Jay Som: Belong
Six years ago, in 2019, Melina Duterte released Anak Ko, the expansive sophomore album from the project that had quickly grown far beyond its so-called bedroom pop origins into something resembling an actual band. Duterte still wrote and produced that Jay Som record, but her friends now surrounded her, playing parts of their own. But when a shuttered touring industry scrapped Jay Som’s ambitious 2020 plans, Duterte realized she had long needed a reset from the road after several years of constant pivots between touring and writing, anyway. She decided to splurge on herself and her lifelong interest in production. She self-produced all of her records, after all. So she committed herself to manuals and online tutorials, peppering experienced friends with questions about becoming more than her own home-recording engineer.
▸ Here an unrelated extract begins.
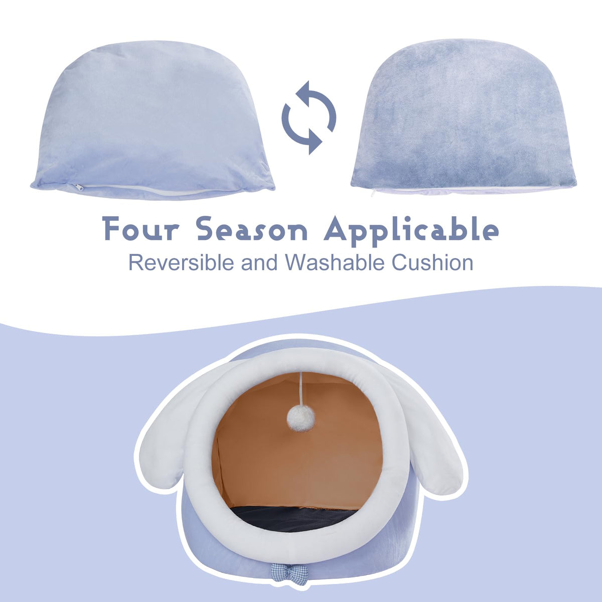 Product Name: Cute Cat Bed Comfortable Cat Igloo Puppy Tent Indoor Warm Non-Slip Cat Cave. Feature: 1?Cartoon Style Modeling Is Very Cute And Interesting. 2?Cute And Interesting Animal Shapes And Furry Balls Will Make Cats Appear Particularly Playful And Clever. 3?The Fabric Is Soft, Wrinkle-Free And Has A Solid Feel. 4?Warm Design: The Inner Pillow Has Different Colors On Both Sides And Can Be Replaced. Specification: Material: Soft Crystal Velvet Sponge High Springback Pp Cotton Dimensions: L(18''X17''X14.5'') Color: Big Ear Package Includes: 1 X Cartoon Pet Nest

She never could have imagined where the past few years would have taken her – collaborating, producing, touring, and working on so many incredible projects with a wide range of artists. So when Duterte reckoned the time had come to revisit Jay Som, she did not pretend to be hidebound by the project’s past. Instead, she let the half-decade of life she’d lived and work she’d done since releasing Anak Ko filter not only into her songs but also her process. The new friends she’d actually had time to make in Los Angeles now that she was off the road—especially Joao Gonzalez (of Soft Glas) and Mal Hauser (a collaborator to Mk.gee and Illuminati Hotties)—became key partners, as Duterte opened her music to others like never before. But she also opened up her music to herself and her memories, writing songs that revisited the sounds of her youth with the benefit of her experiences as a musician, producer, and performer. She was neither shy about her influences nor limited about where they might lead her. And so no previous Jay Som album sounds quite like the new Belong. It is a map of the first 31 years of Duterte’s life, all leading to the present.
“When you try something for the first time, you’re always going to hold some type of fear, but I had to come to terms with the fact that I had to let go of some control,” she explains. “This record is essentially still me, but a lot of choices were made by friends who helped me, because I trusted them.”
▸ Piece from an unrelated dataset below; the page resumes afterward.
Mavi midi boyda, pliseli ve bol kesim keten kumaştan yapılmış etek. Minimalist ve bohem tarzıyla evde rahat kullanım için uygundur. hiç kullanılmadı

Though Duterte has never been one for special guests on Jay Som’s intimate records, Hayley Williams had insisted on singing together at some point since the band opened for Paramore in 2018. So Duterte and Steph Marziano—another new friend who has written with Bartees Strange and Cassandra Jenkins and who began working and hanging with Duterte after Williams introduced them—went to Nashville to try a song together. Later, Jim Adkins of Jimmy Eat World and Lexi Vega of Mini Trees would join the record as well.
And while Duterte’s production credits have mounted spectacularly since 2020, she knows enough to know she might not always know best. As she neared the end of Belong, she went to Philadelphia’s Headroom Studios, where producer Kyle Pulley told her that, simply as a Jay Som fan, he wanted to hear more of her. This became her first time working with another producer on Jay Som, yet another sign of her opening the band to others’ ideas.
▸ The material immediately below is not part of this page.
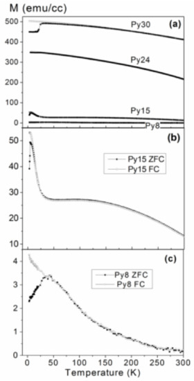 Figure 3 displays ZFC and FC magnetization curves of all the samples. As can be observed in Figure 2a, the thickest samples (Py24 and Py30) exhibit the typical shape for ferromagnetic (FM) materials (with the magnetization gently decreasing as the temperature increases) but with a certain splitting of the ZFC and FC curves at low temperature.

For the better part of six years, she mostly checked out of Jay Som, cultivating and tending to the other side of her artistry. Now that she has returned to the band itself, she wonders where she belongs within an indie rock ecosystem, or how much of the rest of her life and work she is willing to give up to live up to that role. This is why she named these songs Belong, after all, as she tries to figure out where she fits into the wider world as an artist, producer, and person. “Do you really want to go? Will you hate what you will find?” she sings near the start of that title track, built on a seesaw of repetition. Duterte doesn’t know the answer yet, how she balances being an acclaimed and in-demand producer with being a proper bandleader, too. She just knows that Jay Som is back, invigorated by more ideas, experiences, and inputs than it’s ever enjoyed before.